Lynn remembers a more generous spirit. His eleven-year-old son worked as a runner on the set, and for the wrap party, he dyed his hair red, green, and purple. Other people stared at him, but Madeline “complimented him on it and danced with him for much of the evening. As he was a total fan of hers, he was thrilled. So was I, of course.”

In the finished picture, each of the three endings has its merits and boasts a prodigious performance from Curry, who dashes around the set reenacting the crimes, at one point dragging Madeline off her heels and face-first up the stairs. But this kind of mayhem wasn’t payoff enough for moviegoers to see the movie three times, and in smaller markets, only one ending was available. Picking which ending to see proved difficult. As Roger Ebert reported in the
Chicago Sun-Times
, even Paramount didn’t know which was ending A, or ending B, or ending C.
40
“The multiple endings were a terrible idea,” Lynn says now. They had a “reverse effect: people didn’t know which ending to choose, so they didn’t go at all. This problem was compounded, I think, by the thought that if the filmmakers don’t know how to end the film, why should people bother to go see it?” Further burdened by bad reviews, the film fell just short of earning back its $15 million budget.

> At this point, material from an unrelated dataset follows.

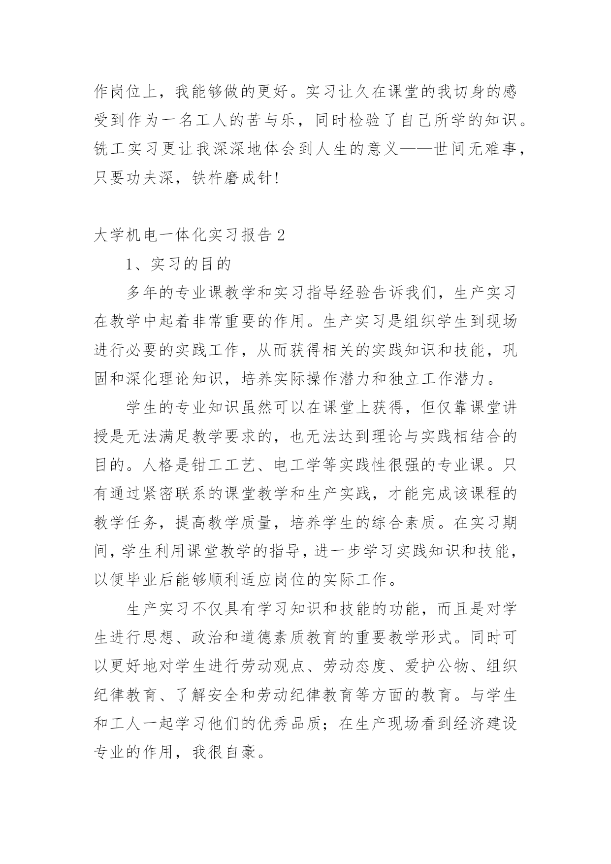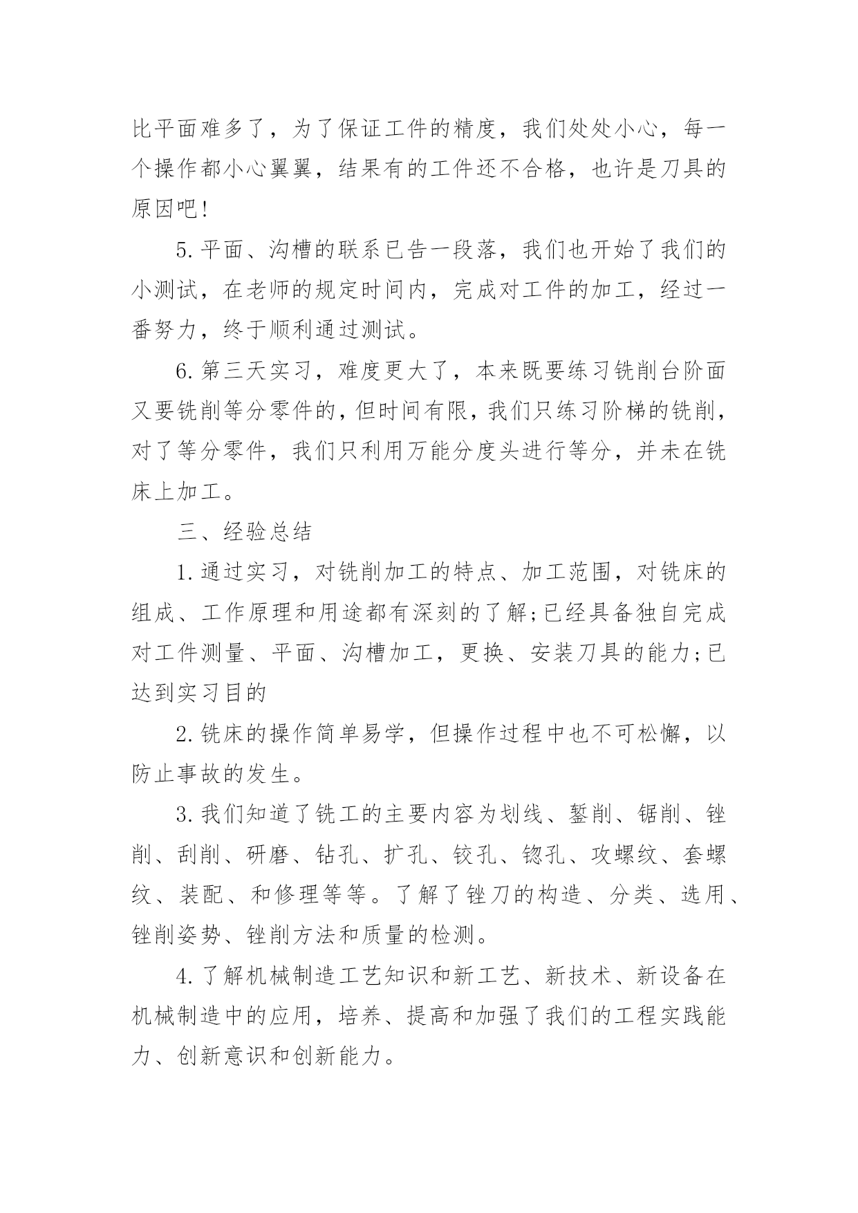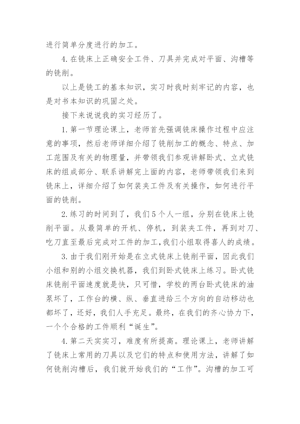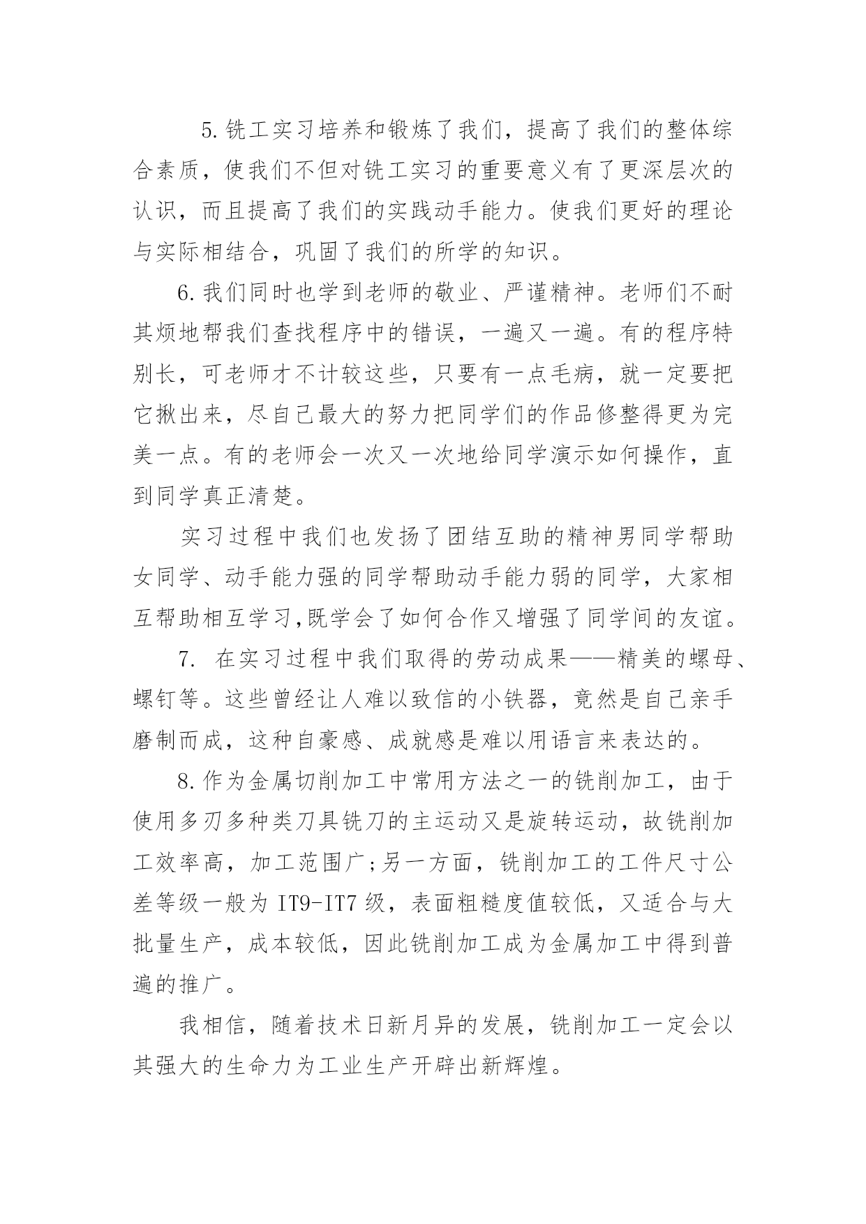 大学机电一体化实习报告在我们平凡的日常里,越来越多人会去使用报告,报告根据用途的不同也有着不同的类型。相信很多朋友都对写报告感到非常苦恼吧,下面是小编精心整理的大学机电一体化实习报告,仅供参考,希望能够帮助到大家。大学机电一体化实习报告1一、实习目的终于等到了实习的时候了,很早以前就从师兄那里打听到了有实习,那时候可以说是急切地期盼着这一天的到来,因为大家再也无法满足于课堂教学,尽管从同学朋友那里了解到实习并非像想象中的那样是一件快乐的事情。蓦然回首,转眼为期一周的铣工实习结束了。在实习期间虽然很累、很苦,但我却感到很快乐!因为我们在学到了作为一名铣工所必备的知识的同时还锻炼了自己的动手能力。而且也让我更深刻地体会到伟大的诗人李白那一名言:只要功夫深,铁杵磨成针的真正内涵!我们实习的第一天看了关于铣工实习的有关的知识与我铣工实习过程中的注意事项的碟片。看到那飞转的机器、飞溅的铁花,令我既担心又激动。担心的是,如果那飞转的机器隆隆声让人心惊肉跳和那鲜红的铁花四处飞溅的发出耀眼的的光芒令人眼花缭乱;激动的是,等待了将近一年的铣工实习就要开始了。这是作为学生的我们第一次进入工厂当令人尊敬的工人,也是第一次到每一个工科学子一试身手的实习基地。其实,对我们这些工科的学生来说这是一次理论与实践相结合的绝好机会,又将全面地检验我们知识水平。铣工实习是机械类各专业学生必修的实践性很强的技术基础课。学生在铣工实习过程中通过独立地实践操作,将有关机械制造的基本工艺知识、基本工艺方法和基本工艺实践等有机结合起来的,进行工程实践综合能力的训练及进行思想品德和素质的培养与锻练。(实习报告)铣工实习是培养学生实践能力的有效途径。又是我们大学生、工科类的大学生,院的学生的必修课,非常重要的也特别有铣工实习又是我们的一次实际掌握知识的机会,离开了课堂严谨的环境,我们会感受到车间的气氛。同时也更加感受到了当一名工人的心情,使我们更加清醒地认识到肩负的责任。通过老师的讲解。我终于明白了什么是铣工。同时也懂得了为什么有人说“当铣工是最累的!”铣工是以手工操作为主,使用各种工具来完成零件的加工、装配和修理等工作。与机械加工相比,劳动强度大、生产效率低,但是可以完成机械加工不便加工或难以完成的工作,同时设备简单,故在机械制造和修配工作中,仍是不可缺少的重要工种。铣工的常用设备有铣工工作台、台虎铣、砂轮等。二、具体内容本次实习,我主要是做铣工,所谓铣工就是根据设计零件图纸用铣床(加工零件的设备)进行零件加工的技术工人,分为初级工、高级工。零件加工精度要求高。铣工的操作要求如下:1、铣台要放在便于工作和光线适宜的地方;钻床和砂轮一般应放在场地的边缘,以保证安全。2、使用机床、工具(如钻床、砂轮、手电钻等),要经常检查,发现损坏不得使用,需要修好再用。3、台虎铣夹持工具时,不得用锤子锤击台虎手柄或钢管施加夹紧力。4、使用电动工具时,要有绝缘保护和安全接地措施。使用砂轮时,要戴好防护眼镜。在铣台上进行操作加工时要有防护网。5、毛坯和加工零件应放置在规定的位置,排列整齐、安放平稳,要保证安全,便于取放,并避免碰伤已加工的表面。6、钻孔、扩孔、铰孔、锪孔、攻螺纹、套螺纹时,工件一定要夹牢,加工通孔时要把工件垫起或让刀具对准工作台槽。7、使用钻床时,不得戴手套,不得拿棉纱操作。更换钻头等刀具时,要用专用工具。不得用锤子击打钻夹头。铣工的实习目的:1.了解铣削加工的工艺特点及加工范围。2.了解常用铣床的组成、运动和用途,了解铣床常用刀具和附件的大致结构与用途。3.熟悉铣削加工的加工方法和测量方法,了解用分度头进行简单分度进行的加工。4.在铣床上正确安全工件、刀具并完成对平面、沟槽等的铣削。以上是铣工的基本知识,实习时我时刻牢记的内容,也是对书本知识的巩固之处。接下来说说我的实习经历了。1.第一节理论课上,老师首先强调铣床操作过程中应注意的事项,然后老师详细介绍了铣削加工的概念、特点、加工范围及有关的物理量,并带领我们参观讲解卧式、立式铣床的组成部分、联系讲解完上面的内容,老师带领我们来到铣床上,详细介绍了如何装夹工件及有关操作,如何进行平面的铣削。2.练习的时间到了,我们5个人一组,分别在铣床上铣削平面。从最简单的开机、停机,到装夹工件,再到对刀、吃刀直至最后完成对工件的加工,我们小组取得喜人的成绩。3.由于我们刚开始是在立式铣床上铣削平面,因此我们小组和别的小组交换机器,我们到卧式铣床上练习。卧式铣床铣削平面速度就是快,只可惜,学校的两台卧式铣床的油泵坏了,工作台的横、纵、垂直进给三个方向的自动移动也都坏了,还好,我们人手充足。最终,在我们的齐心协力下,一个个合格的工件顺利“诞生”。4.第二天实实习,难度有所提高。理论课上,老师讲解了铣床上常用的刀具以及它们的特点和使用方法,讲

Ebert may have been the first to suggest that
Clue
, as a relatively short film, would fare better if all three endings were included in the final cut. For viewers at home, the fun of watching all the endings proved the movie’s salvation. The same was true of the smuttiness that Janet Maslin disparaged in her review in the
New York Times
.
41
For generations of kids watching cable and home video,
Clue
would seem daring and grown-up, yet unthreatening. “It was a surprising twist when the film gradually developed the enthusiastic following that it has today,” Lynn says, adding that he receives more fan mail about
Clue
than about any of his other
work. “I don’t know why it was so reviled then, and I don’t know why it is now so loved.”